My History with Mainframes

by: Paul Bishop

I started working on IBM mainframes at the end of 1980, just after graduating from high-school. First job was to assist Richard Kader from Circle Computer Services (Schaumburg, IL) with the de-install of a 3148 and installation of a 3158 in Hackensack, NJ. I don't remember the name of the bank. For the next few years I worked full-time for Circle with installs, de-installs, upgrades, etc., of various machines; 3158, 3168, 3033, 3031, 3032. Most of my work was on the 3033. Lots of installs and feature work like data-streaming (104x), director 3 installs (channels 13-16 / frame 07), memory upgrades, channel-to-channel adapters, etc. Did a lot of jobs with my brother Glenn who taught me everything I know. In 1984 I quit Circle to become independent. I continued to work on 3033 and slowly switched to 308X (3081, 3083, 3084) as they became popular. In 1987 I designed memory for the 308X series and in 1988 I started BSM Corporation (Schaumburg, IL) with my brother and father (Glenn and Glenham respectively) to design and manufacture memory for IBM mainframes. I continued to design and manufacture memory for 308X, 3090, and 9121 machines through the end of 1994.

IBM 3033

The 3033 was my favorite machine because it was the last machine you could actually scope, diagnose, and fix. The 308X series introduced the TCM and you really never needed to carry around a scope after that (maybe to diagnose power problems). My conjecture is that there were two mainframe teams at IBM: 3033 > 3090 > ES-9000 and 4381 > 308X > 9121. Not sure, but that's how the machines smelled.

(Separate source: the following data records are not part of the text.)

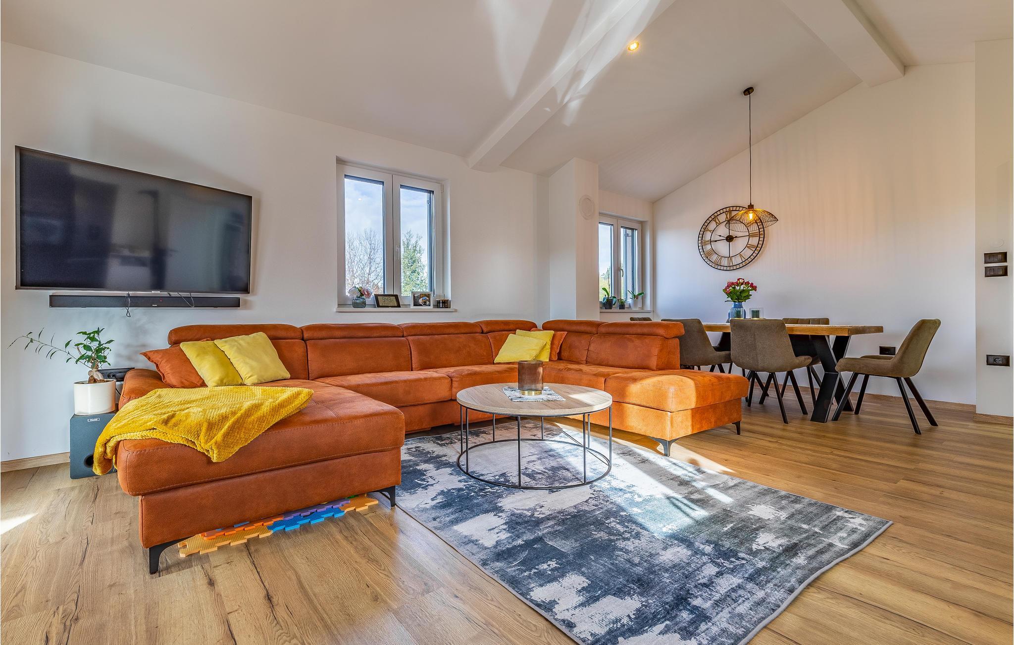 Reisen Sie mit Ihrer Familie nach Snasici und verbringen einen erholsamen Urlaub in dieser komfortablen Unterkunft. Freuen Sie sich auf Privatsphäre sowie viel Zeit miteinander. Komfort und Design werden hier großgeschrieben und Sie können sich auf den hochwertigen Möbeln entspannen oder in der modernen Küche leckere Gerichte zaubern. Hier fehlt es Ihnen an nichts, was sich auch auf den Terrassen und im Garten mit Swimmingpool fortführt. Baden und spielen Sie viele Stunden im Freien und schmieden bei Abendessen, unter dem Pavillon, Ihre Ausflüge und Aktivitäten.
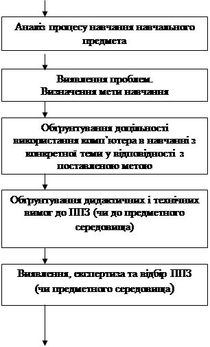 Всі ці проблеми конкретизуються в поетапному процесі, який наочно можна уявити у вигляді схеми алгоритму, який описує технологію підготовки вчителя до проведення уроків з використанням комп’ютера (див. Додаток 1.).
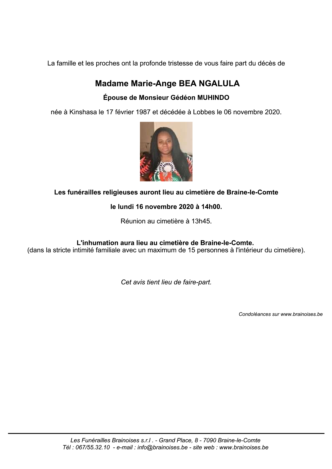 Décédée à Lobbes (6540) le vendredi 6 novembre 2020 à l'âge de 33 ans
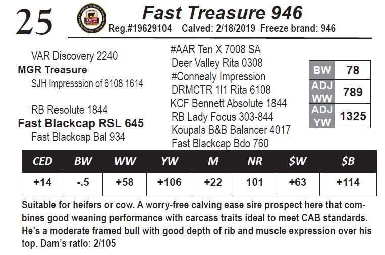 Suitable for heifers or cow. A worry-free calving ease sire prospect here that combines good weaning performance with carcass traits ideal to meet CAB standards. He’s a moderate framed bull with good depth of rib and muscle expression over his top. Dam’s ratio: 2/105
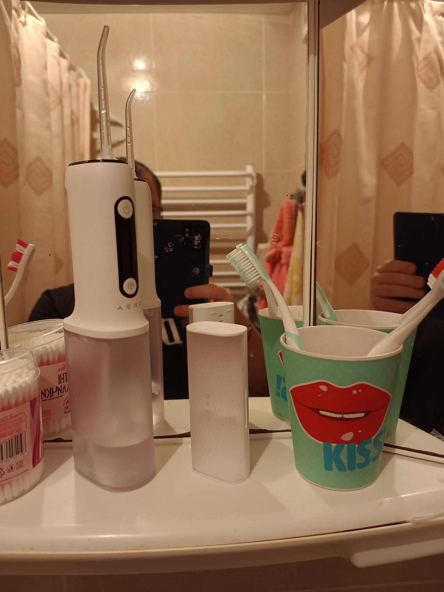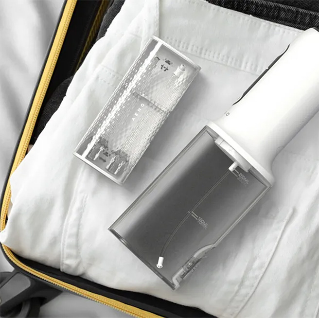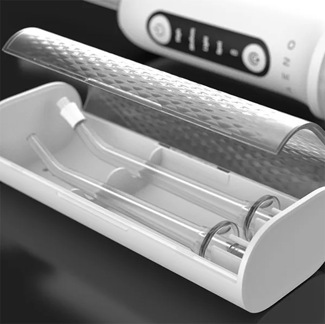 Элегантный дорожный футляр, рассчитанный на 2 насадки, обеспечивает удобство использования ирригатора AENO в любых поездках
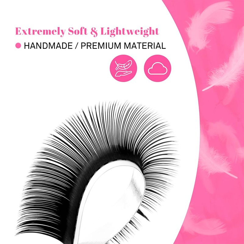 - 【Super soft cashmere lash extention】Our cashmere lashes are made from upgraded cashmere fibers. It's more soft and light weight. They fan like butter and help you create the most luxurious fluffy sets and create thin bases. You can use the lash extensions for classic, hybrid, volume and mega volume sets.
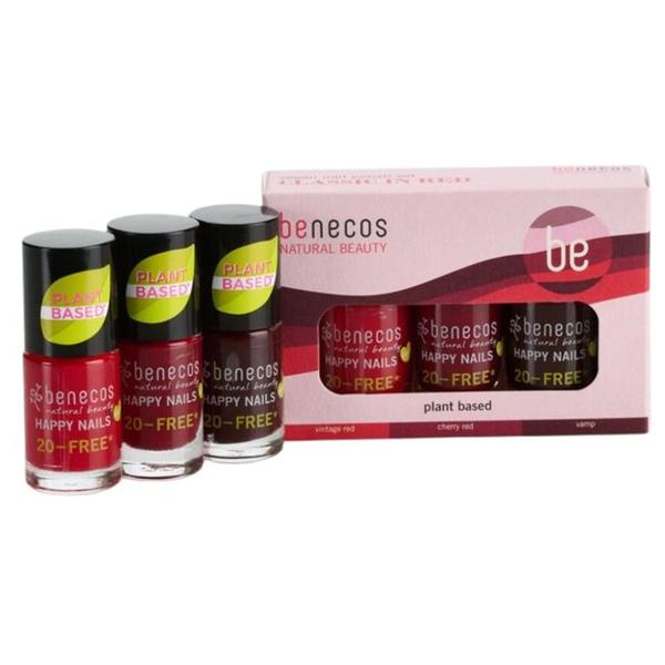 Set 3 Lacuri de Unghii Naturale 20-Free, Vegane – Benecos Classic in Red, 1 pachet: Clasic in rosu!: acest set de oje vegane reuneste trei nuante elegante si atemporale de rosu: rosu vintage, rosu cires si vamp. Formula 20-FREE, pe baza de plante, contine minimum 80% ingrediente de origine naturala, obtinute din materii prime regenerabile. Textura permite schimbul de aer si apa, ajutand unghiile sa ramana flexibile si sanatoase. Ojele sunt imbogatite cu ulei hranitor din seminte de mar (derivat din productia de cidru) si biotina (vitamina H), pentru un plus de ingrijire si fortifiere. Perfect pentru o manichiura vibranta, moderna si prietenoasa cu unghiile - ideale pentru orice moment al zilei sau al sezonului.
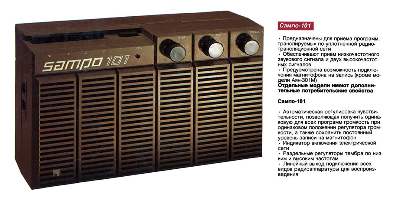 Приёмник трёхпрограммный *Сампо-101* выпускался с 1987 года Петрозаводским радиозаводом. Первый отечественный трёхпрограммный приёмник проводного вещания 1-й группы сложности **Сампо-101** предназначен для приёма программ транслируемых по уплотненной проводной трансляционной радиосети. Особенность ПТ - автоматическая регулировка чувствительности, которая позволяет получить одинаковую для всех программ громкость звучания при одном положении регулятора громкости, постоянный уровень записи на магнитофон независимо от уровней сигнала в каналах. ПТ имеет: регуляторы тембра по ВЧ и НЧ; индикатор включения сети; линейный выход сигнала. Корпус модели выполнен из цветного ударопрочного полистирола. Диапазон воспроизводимых частот 63...12500 Гц. Уровень звукового давления 75 дБ. Отношение сигнал/фон -53 дБ. Номинальная выходная мощность 0,5 Вт. Размеры ПТ - 277х174х101 мм. Масса - 1,8 кг.
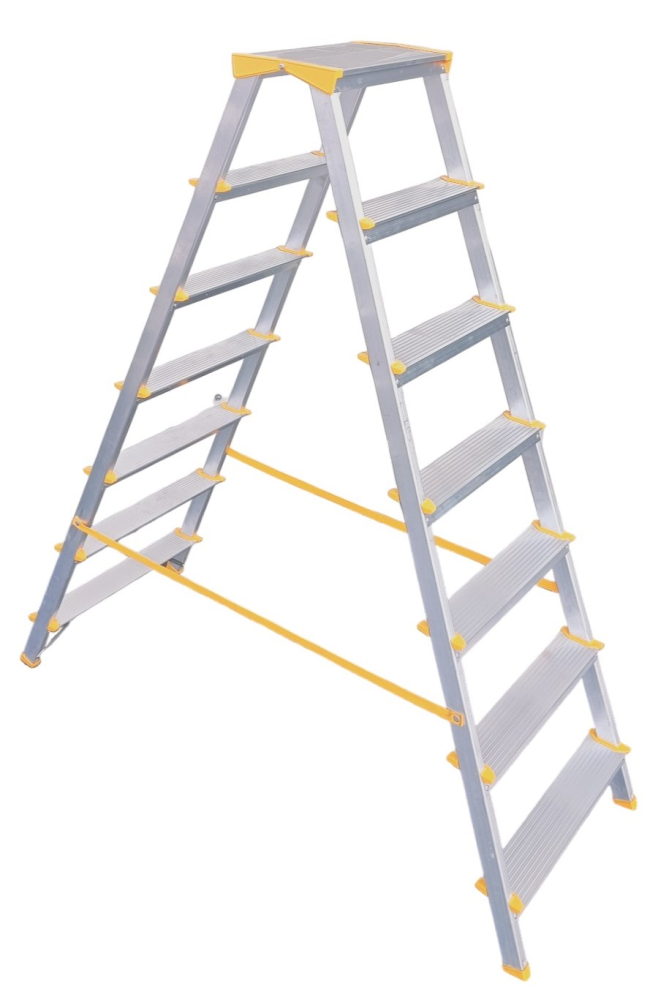Hliníkové obojstranné schodíky EUROSTYL s integrovaným pántom horných nášľapov, kde nevzniká medzi nimi prázdna medzera, počet nášľapov 2x6 maximálna výška 1,41 m a maximálna šírka schodíka 503 mm. Možnosť použitia na domáce účely.
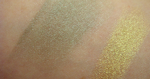 Os pigmentos: Antique Green (Burmese Beauty) e Old Gold (Leopard Luxe).
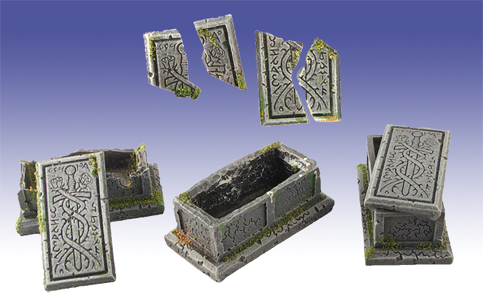 Someone’s been robbing graves, or maybe vampire hunting…? Set of 3 resin sarcophagi with metal lids

- 1: Me and a 3033 (circa 1981). Frame 02 (IPPF, E-FUNC) to my right, Frame 01 (PSCF, Trace, Clocks) to my left. High-speed multiple board (A2) under my elbow. A $hit-long time ago.
- 2: They didn't pay us much so we had to eat whatever was laying around. Snacking on some 50Ω(purple) & 90Ω(orange) tri-leads between the gates of director 2 (frame 05).
- 3: Sitting on the 3036 console. Frame 01 background left (silver covers). Frame 03 (memory) background center. Frame 04 (power supplies) background right.
- 4: 3033 Uniprocessor Frame Layout

My 3033 3D Model Fly-Around Video. Yeah I need to work on the 3277s and grills for the 3036 doors (and panel). I'm a new blender user - so give me a pass on this one.

IBM 4331

I purchased a 4331 (the only S/370 mainframe that ran on single-phase 240v) to repair memory cards for 4331, 4341and 4361 machines.
- Below Left: 4331 in my apartment, circa 1987
- Right: Moving that 4331 to BSM, 1988. My brother Glenn (upper left), my brother Tom (upper right), and my father.

Note: IBM hierarchy/terminology is Card > Board > Gate > Frame, so memory cards plug into boards, boards are in gates, gates are in frames.

BSM 308X Memory

In 1997 I designed memory for the IBM 308X series mainframes. Microcode was on 8" floppy which contained the machine configuration. I purchased an 8" drive system, analyzed the disk layout, analyzed the configurations, and wrote two assembly (x86) programs; PDU and PCF. PDU (Processor Disk Utility) was a utility that allowed you to view and alter diskette contents. PCF (Processor Configuration Facility) was a utility that displayed the existing machine configuration and allowed the user to alter the config, e.g. set memory size, add channels, etc. Sold several PDU/PCF systems to various staging houses (Comdisco, Circle, Enterprise, Data Hardware, etc.).
- Below Left: 1st 308X protype working on the backplane (IBM card unplugged from the front). Circa 1987. Green tri-leads are 80Ω (data lines had 80Ω resistor on each end).
- Center: 308X Frame S Memory gate backplane and 8 boards (this was a 3083 at Computer Express in Chattanooga). Circa 1987.
- Right: 308X Frame S Memory gate side view.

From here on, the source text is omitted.